The first B-cell progenitors can be found as early as 7 weeks post conception in the fetal liver ^[7]. However, the B lymphoid progenitor compartment differs between fetal and postnatal life, and herein, only postnatal ontogeny will be briefly concerned , as these topics are beyond the scope of this article and have been thoroughly reviewed elsewhere ^[7]. As depicted in Figure 1, post-natal B-cell development originates in the bone marrow, first, with pluripotent hematopoietic stem cells and their differentiation into common lymphoid progenitors (CLP) ^[8]. During their development, B-cells will undergo rearrangement of their BCR heavy chains (during the pro-B stage) and their light chains (during the pre-B stage) via the action of the Recombination-activating genes 1 and 2 (RAG1, RAG2) ^[9]. Overall, during these recombination steps, positive and negative selection ensures that the new BCR is functional, yet not autoreactive ^[10]. After these selection processes, immature B-cells, which express the newly rearranged BCR of the IgM isotype on their surface, exit the bone marrow and migrate to the spleen or other secondary lymphoid organs, where they complete their maturation and differentiation ^[10]. At this point, the immature B-cell is called transitional immature (TI); it will follow maturation steps comprising stages TI-1 to TI-2 and TI-3, and will commit to either the follicular (FO) or the MZ B-cell fates, depending on the signals it receives (see below) ^[11][12][13]. Although this generalized sequence of events appears to be similar for the murine and human systems, several distinctions prevail ^[14]. One major difference is the fact that in the murine system, MZ B-cells are believed to arise mainly from TI-2 progenitors, which complete their maturation in the spleen, where they appear to be restricted in contrast to those observed in the human system where MZ B-cells recirculate ^[15]. Interestingly, recent studies in humans have demonstrated the existence of bone-marrow-derived TI-2 IgM^lo and IgM^hi progenitors, the latter of which share transcriptional features with MZ B-cells, express α4β7 and migrate to the gut-associated lymphoid tissue (GALT) ^[13]. This suggests that the GALT may be an important site for human MZ B-cell differentiation ^[14].
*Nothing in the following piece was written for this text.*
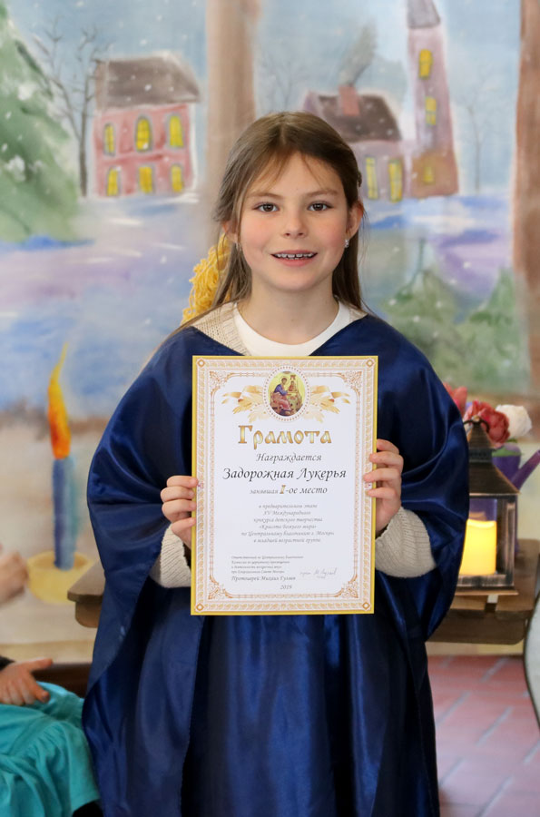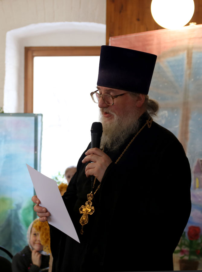Собравшиеся спели тропарь праздника Рождества Христова. Затем с приветственным словом к детям и родителям обратился духовник воскресной школы протоиерей Николай Скурат, который вручил грамоты присутствовавшим на празднике победителям конкурса «Красота Божьего мира» в Центральном благочинии.
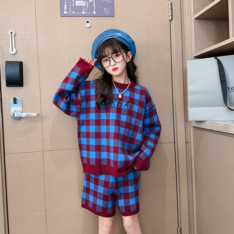 2024 middle school children’s spring new suit fashionable foreign style female students plaid sweater shorts two-piece set of trendy foreign trade

FO and MZ B-cells are known as conventional B-cells or B2 cells ^[16]. Another subpopulation with innate-like properties has been identified in mice, and its cells are dubbed B1 cells. B1 and B2 cells differ in their ontogeny, as B1 cells come from a distinct lineage in the fetal liver and B2 cells originate from the bone marrow; moreover, B1 and B2 cells differ in their location, as B1 cells are most commonly found in the pleural cavity, unlike B2 cells ^[16][17]. Despite the fact that B1 cells are acknowledged in mice, their presence in humans, to date, remains controversial ^[17].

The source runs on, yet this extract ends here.